Still, her only regret is that the maternity leave she took for both children was "too short". How short, exactly, she refuses to elaborate on, but "I rushed back too quickly," she admits, softly. "It wasn't brilliant. You think everything's going to be okay but you have to give yourself some time to recover."
Being a FTSE chief executive is great, but it would be great to do other things as well.
When her newborn son was struck with a sudden illness for 72 hours (before fully recovering) it was the catalyst for her to spend the next two years working part-time.
"It was very tough; that really threw me. I was sitting there, looking at him in a tank with tubes down him, and you're thinking, life isn't just about careers and jobs. It's about really important things as well."
Keen that her experience inspires other working parents - note, not just mothers - to get their priorities straight, passion rises for the first time.
"Focus on the family," she urges. "Get that right and the rest comes. If you do it the other way round where you're only thinking about your career, if the family stuff goes wrong, it will impact your career anyway. Put yourself and your health and the health of your family first. The career will come back."
Motherhood has not been her only challenge. As a young Indian woman entering the workplace in the Nineties, she regularly experienced discrimination but she refuses to dwell on it, saying "I don't expect any sympathy", and nor should anyone else.
"My big message is ignore it. Don't look at it; don't talk about it and just focus on what you're good at. If you do that, people recognise that. It's not about shouting things out; it's about working with the people who are right for your career."

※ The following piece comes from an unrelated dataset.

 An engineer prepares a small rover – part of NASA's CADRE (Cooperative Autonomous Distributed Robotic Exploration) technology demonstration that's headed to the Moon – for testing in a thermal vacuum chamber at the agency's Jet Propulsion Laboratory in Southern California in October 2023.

Having previously railed against being defined by either her race or her gender, she is now a proud ambassador for the Government-backed Women's Business Council, hoping to hasten the day her position as a female Asian CEO is the norm, not a novelty. "I'm so looking forward to [a time] when no one has to ask a female about being a mum and their personal life. They do it because it is unusual, and one day it won't be."

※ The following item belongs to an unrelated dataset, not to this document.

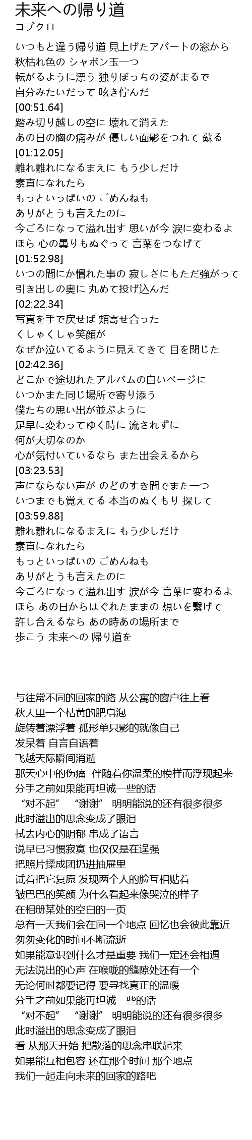 | [04:48.95] | 歩こう 未来への 帰り道を |

In order to reach this utopia, she believes workplaces have to be more flexible for both genders, and credits her supportive employers as one of the secrets to her success.
She also lauds Sheryl Sandberg's 'lean in' philosophy - "I always say to women they should always put themselves forward for opportunities even if they don't get them. Be more aspirational" - but only up to a point.
"The big thing I learnt was I should have said no a little bit more. Make the choices that are right for you as an individual not your career. Never the other way round. I know that's tough. I gave up, whether it was earnings or whatever, to do it my way and do less because that was right for me and my family."
Now, she is looking forward to unlimited time with her children, her sisters and her hobbies - baking, running and gardening in her countryside Ascot home. But she refuses to retire, and though she won't disclose her next step, it's clear she has plans: "Being a FTSE chief executive is great, but it would be great to do other things as well. I can't imagine not working, especially after a break. I'm still too young to stop."